TASK DESCRIPTION:
The part below that opens with the line containing "308期:『望子成龙』 ♣️③肖⑥码♣️【狗牛】开:兔39" and closes with the line containing "Основные характеристики протестированных" should be copied exactly, minus any pictures.

EXCERPTED DATA:
━━━━━━━━━━━━━━━━━━━━

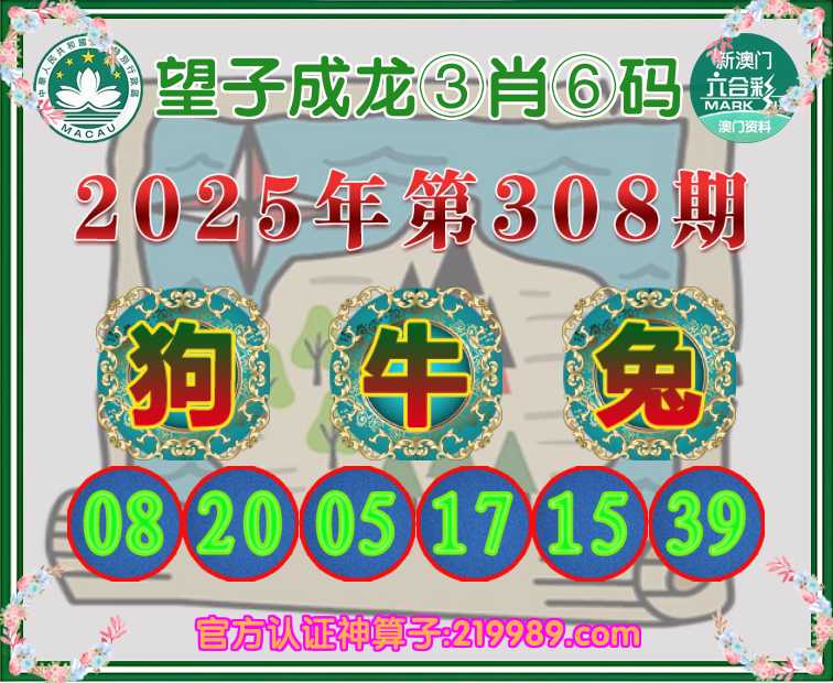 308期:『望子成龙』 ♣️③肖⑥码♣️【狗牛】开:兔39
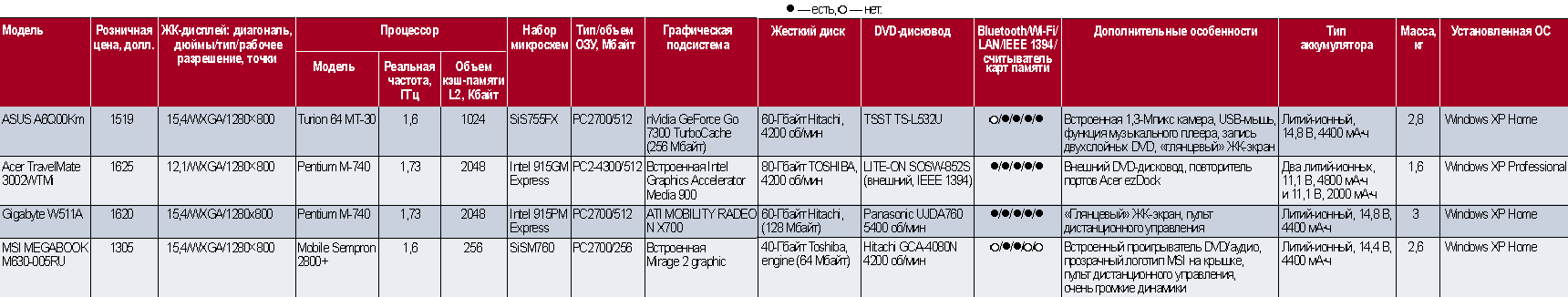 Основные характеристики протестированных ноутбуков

━━━━━━━━━━━━━━━━━━━━

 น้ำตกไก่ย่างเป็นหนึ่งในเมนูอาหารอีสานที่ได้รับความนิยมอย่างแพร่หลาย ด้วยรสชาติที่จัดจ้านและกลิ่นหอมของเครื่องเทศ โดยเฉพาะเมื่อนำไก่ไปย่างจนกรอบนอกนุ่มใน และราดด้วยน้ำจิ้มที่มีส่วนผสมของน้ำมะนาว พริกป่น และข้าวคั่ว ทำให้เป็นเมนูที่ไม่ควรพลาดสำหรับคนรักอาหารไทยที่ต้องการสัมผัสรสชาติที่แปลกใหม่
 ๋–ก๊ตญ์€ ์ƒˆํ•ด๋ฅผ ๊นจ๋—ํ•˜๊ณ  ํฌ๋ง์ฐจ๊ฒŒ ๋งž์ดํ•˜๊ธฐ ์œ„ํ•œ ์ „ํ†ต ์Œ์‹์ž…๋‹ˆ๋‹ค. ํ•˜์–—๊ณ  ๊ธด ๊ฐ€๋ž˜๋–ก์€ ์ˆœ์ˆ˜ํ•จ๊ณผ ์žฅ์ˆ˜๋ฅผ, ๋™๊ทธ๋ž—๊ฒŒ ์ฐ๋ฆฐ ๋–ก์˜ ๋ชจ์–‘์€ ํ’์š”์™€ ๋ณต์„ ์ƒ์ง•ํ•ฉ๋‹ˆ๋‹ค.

━━━━━━━━━━━━━━━━━━━━

RESULT FOR THIS EXERCISE:
 308期:『望子成龙』 ♣️③肖⑥码♣️【狗牛】开:兔39
 Основные характеристики протестированных ноутбуков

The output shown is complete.